• REQUIRED WORK
For this exercise, write out only the lines of the entries below from the one with "CASTELLAMMARE DEL GOLFO - Nel" up to and including the one with "Hand rolled temaki", exactly as they are. Pictures stay out.

━━ RECORDED DATA ━━

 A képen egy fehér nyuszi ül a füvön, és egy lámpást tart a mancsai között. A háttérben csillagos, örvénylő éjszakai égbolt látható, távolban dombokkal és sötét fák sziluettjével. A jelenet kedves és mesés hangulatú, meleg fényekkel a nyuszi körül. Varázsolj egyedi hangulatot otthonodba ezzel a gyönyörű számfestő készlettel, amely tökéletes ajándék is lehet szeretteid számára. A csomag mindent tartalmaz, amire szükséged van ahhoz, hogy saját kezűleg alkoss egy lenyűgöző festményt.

━━━
━━ RECORDED DATA ━━

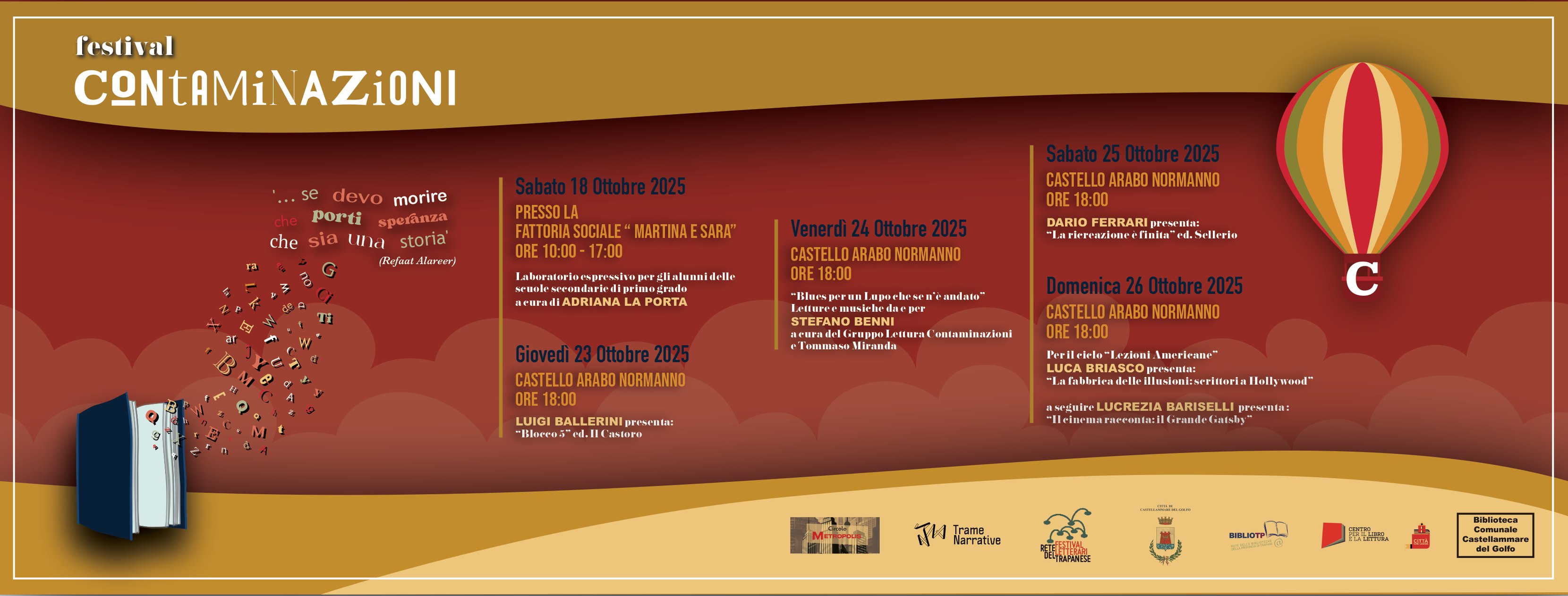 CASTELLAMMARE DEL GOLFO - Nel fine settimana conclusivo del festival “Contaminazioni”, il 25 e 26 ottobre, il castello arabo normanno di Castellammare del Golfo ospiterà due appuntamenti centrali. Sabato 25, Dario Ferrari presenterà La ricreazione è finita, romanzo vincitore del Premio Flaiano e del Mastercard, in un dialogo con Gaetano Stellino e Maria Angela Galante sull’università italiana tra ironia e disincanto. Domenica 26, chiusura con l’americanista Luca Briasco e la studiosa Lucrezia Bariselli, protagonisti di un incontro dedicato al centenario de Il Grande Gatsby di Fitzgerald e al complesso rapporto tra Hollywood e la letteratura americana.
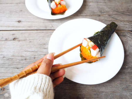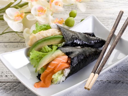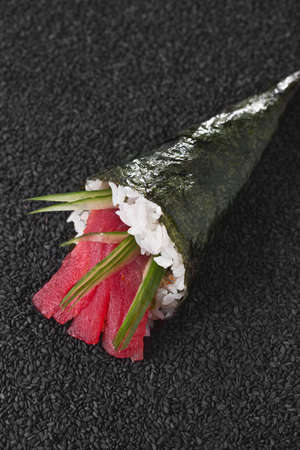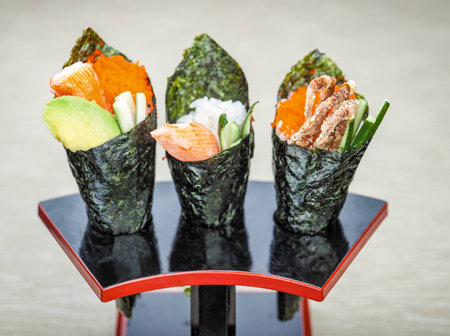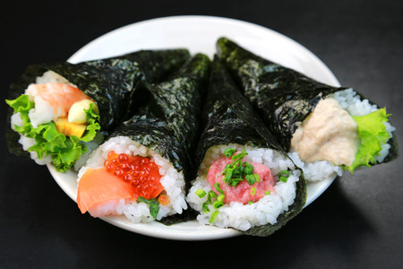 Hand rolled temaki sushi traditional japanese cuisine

━━━

• EXPECTED ANSWER
 CASTELLAMMARE DEL GOLFO - Nel fine settimana conclusivo del festival “Contaminazioni”, il 25 e 26 ottobre, il castello arabo normanno di Castellammare del Golfo ospiterà due appuntamenti centrali. Sabato 25, Dario Ferrari presenterà La ricreazione è finita, romanzo vincitore del Premio Flaiano e del Mastercard, in un dialogo con Gaetano Stellino e Maria Angela Galante sull’università italiana tra ironia e disincanto. Domenica 26, chiusura con l’americanista Luca Briasco e la studiosa Lucrezia Bariselli, protagonisti di un incontro dedicato al centenario de Il Grande Gatsby di Fitzgerald e al complesso rapporto tra Hollywood e la letteratura americana.
 Hand rolled temaki sushi traditional japanese cuisine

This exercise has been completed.